- Task brief
Omit all pictures, then repeat the listing exactly.

============

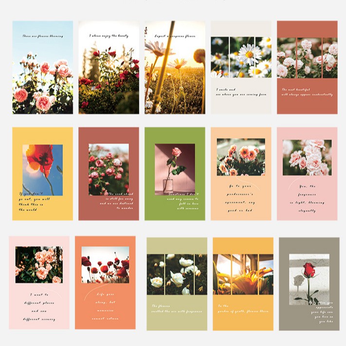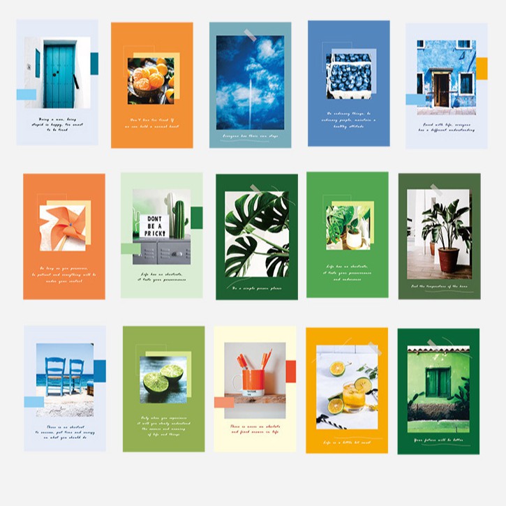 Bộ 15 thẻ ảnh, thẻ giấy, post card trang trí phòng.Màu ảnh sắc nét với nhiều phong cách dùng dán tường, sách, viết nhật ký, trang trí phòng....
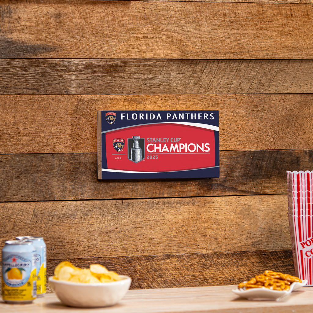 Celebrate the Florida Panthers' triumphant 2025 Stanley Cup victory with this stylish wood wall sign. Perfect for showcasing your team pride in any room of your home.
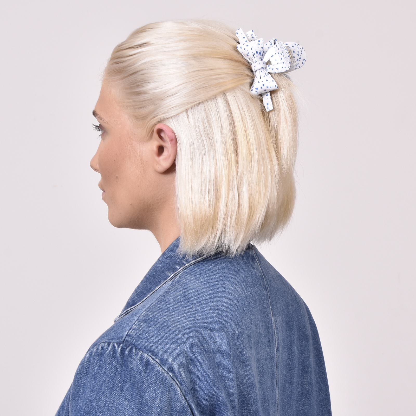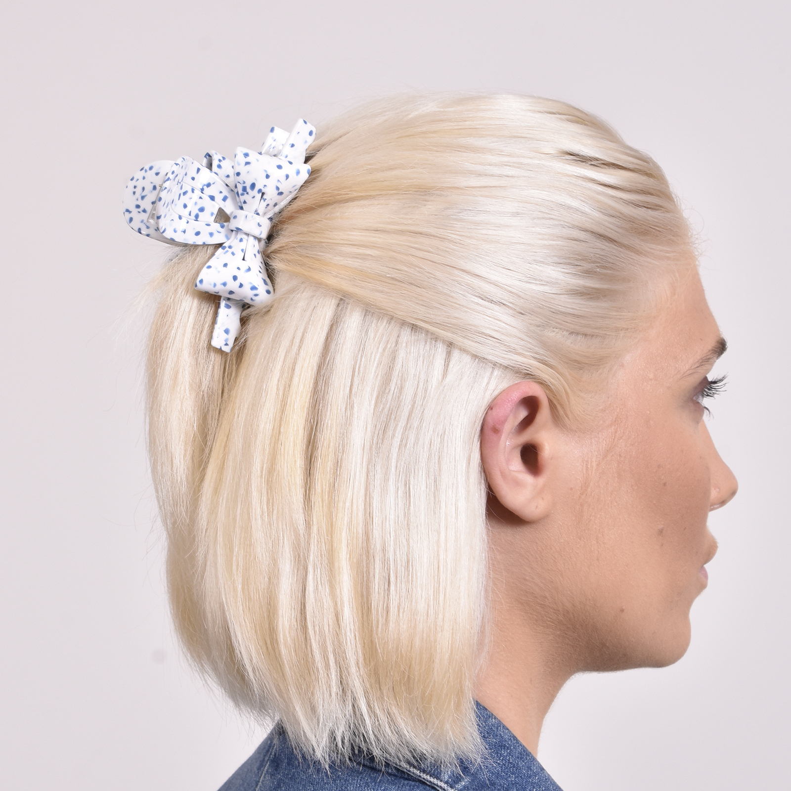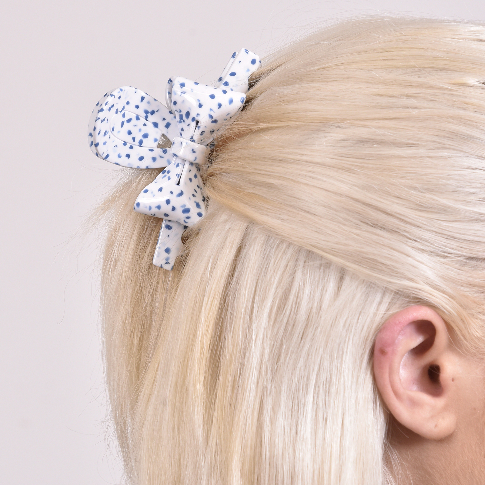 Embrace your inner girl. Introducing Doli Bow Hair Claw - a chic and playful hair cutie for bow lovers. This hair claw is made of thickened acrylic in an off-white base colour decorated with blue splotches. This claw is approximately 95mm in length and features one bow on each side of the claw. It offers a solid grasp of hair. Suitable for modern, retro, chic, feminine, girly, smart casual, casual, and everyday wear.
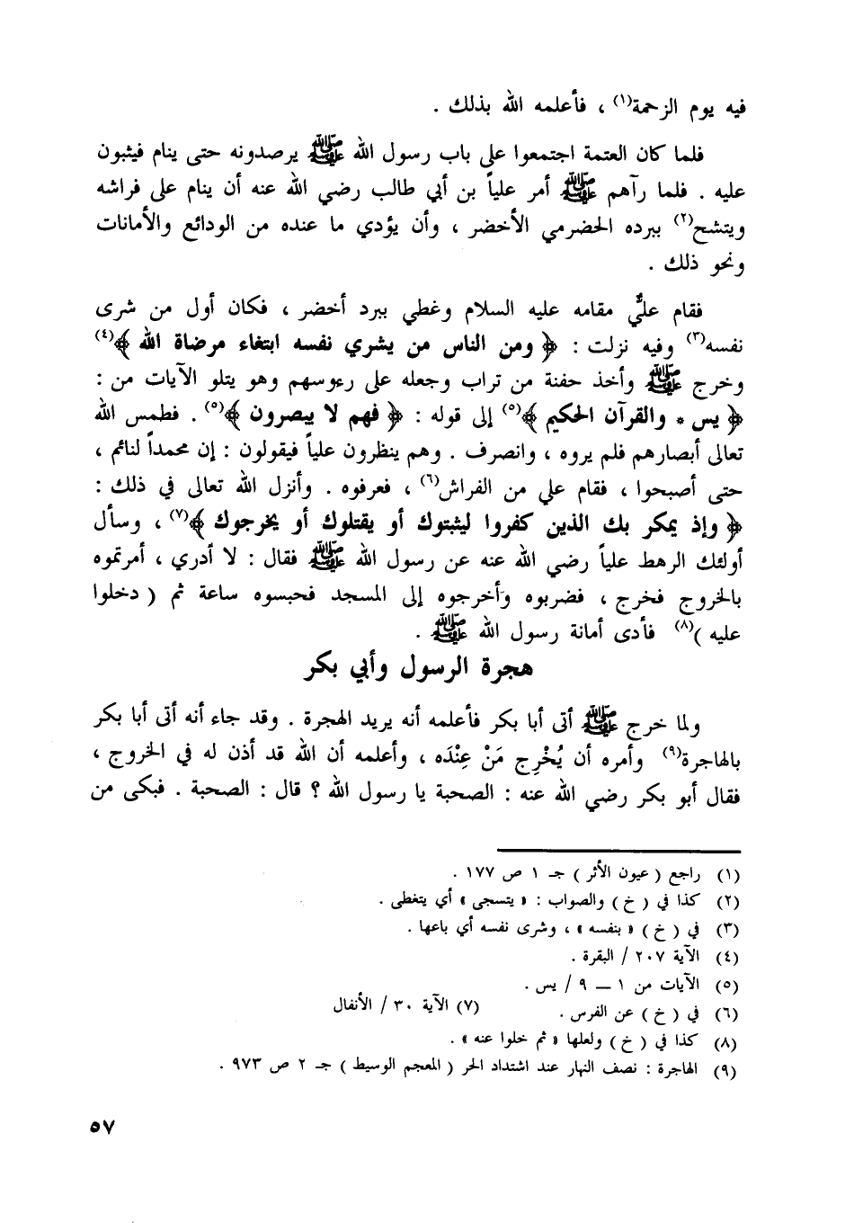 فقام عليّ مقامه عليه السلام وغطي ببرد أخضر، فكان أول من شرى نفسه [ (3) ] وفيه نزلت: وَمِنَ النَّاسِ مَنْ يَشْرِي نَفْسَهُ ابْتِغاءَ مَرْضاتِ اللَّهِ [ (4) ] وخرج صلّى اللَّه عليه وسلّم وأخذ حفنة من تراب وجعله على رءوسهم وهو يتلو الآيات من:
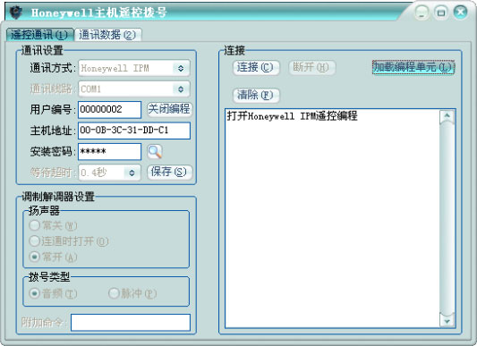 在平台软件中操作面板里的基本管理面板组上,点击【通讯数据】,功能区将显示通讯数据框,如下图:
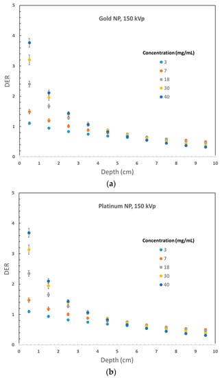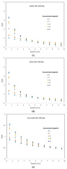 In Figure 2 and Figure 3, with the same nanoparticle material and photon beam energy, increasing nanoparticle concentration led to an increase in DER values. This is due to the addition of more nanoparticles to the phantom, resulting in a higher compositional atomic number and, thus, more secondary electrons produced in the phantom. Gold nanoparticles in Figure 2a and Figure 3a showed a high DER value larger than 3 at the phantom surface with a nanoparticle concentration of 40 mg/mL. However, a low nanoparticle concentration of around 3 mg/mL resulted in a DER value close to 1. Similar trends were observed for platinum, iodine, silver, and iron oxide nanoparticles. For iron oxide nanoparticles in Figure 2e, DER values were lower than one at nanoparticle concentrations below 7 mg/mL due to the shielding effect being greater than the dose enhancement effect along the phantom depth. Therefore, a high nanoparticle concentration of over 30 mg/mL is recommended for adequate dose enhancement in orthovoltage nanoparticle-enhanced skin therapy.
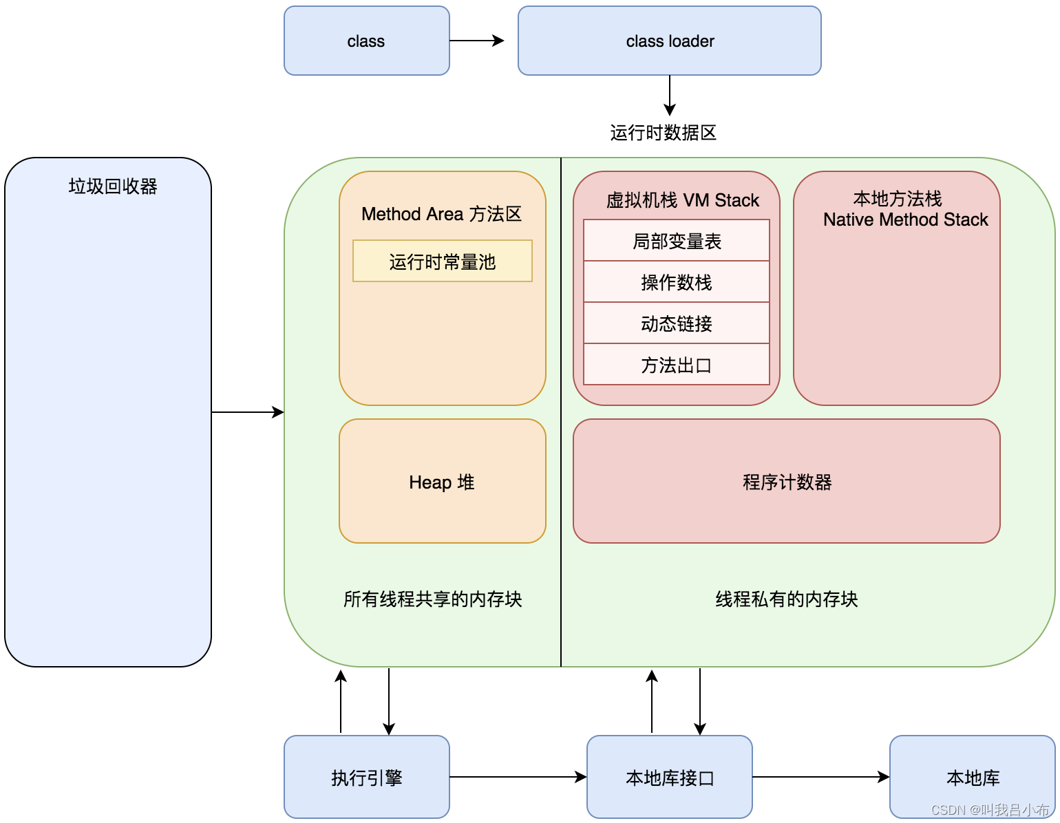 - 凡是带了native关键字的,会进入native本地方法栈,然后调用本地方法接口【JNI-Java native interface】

============

- Reply
 Bộ 15 thẻ ảnh, thẻ giấy, post card trang trí phòng.Màu ảnh sắc nét với nhiều phong cách dùng dán tường, sách, viết nhật ký, trang trí phòng....
 Celebrate the Florida Panthers' triumphant 2025 Stanley Cup victory with this stylish wood wall sign. Perfect for showcasing your team pride in any room of your home.
 Embrace your inner girl. Introducing Doli Bow Hair Claw - a chic and playful hair cutie for bow lovers. This hair claw is made of thickened acrylic in an off-white base colour decorated with blue splotches. This claw is approximately 95mm in length and features one bow on each side of the claw. It offers a solid grasp of hair. Suitable for modern, retro, chic, feminine, girly, smart casual, casual, and everyday wear.
 فقام عليّ مقامه عليه السلام وغطي ببرد أخضر، فكان أول من شرى نفسه [ (3) ] وفيه نزلت: وَمِنَ النَّاسِ مَنْ يَشْرِي نَفْسَهُ ابْتِغاءَ مَرْضاتِ اللَّهِ [ (4) ] وخرج صلّى اللَّه عليه وسلّم وأخذ حفنة من تراب وجعله على رءوسهم وهو يتلو الآيات من:
 在平台软件中操作面板里的基本管理面板组上,点击【通讯数据】,功能区将显示通讯数据框,如下图:
 In Figure 2 and Figure 3, with the same nanoparticle material and photon beam energy, increasing nanoparticle concentration led to an increase in DER values. This is due to the addition of more nanoparticles to the phantom, resulting in a higher compositional atomic number and, thus, more secondary electrons produced in the phantom. Gold nanoparticles in Figure 2a and Figure 3a showed a high DER value larger than 3 at the phantom surface with a nanoparticle concentration of 40 mg/mL. However, a low nanoparticle concentration of around 3 mg/mL resulted in a DER value close to 1. Similar trends were observed for platinum, iodine, silver, and iron oxide nanoparticles. For iron oxide nanoparticles in Figure 2e, DER values were lower than one at nanoparticle concentrations below 7 mg/mL due to the shielding effect being greater than the dose enhancement effect along the phantom depth. Therefore, a high nanoparticle concentration of over 30 mg/mL is recommended for adequate dose enhancement in orthovoltage nanoparticle-enhanced skin therapy.
 - 凡是带了native关键字的,会进入native本地方法栈,然后调用本地方法接口【JNI-Java native interface】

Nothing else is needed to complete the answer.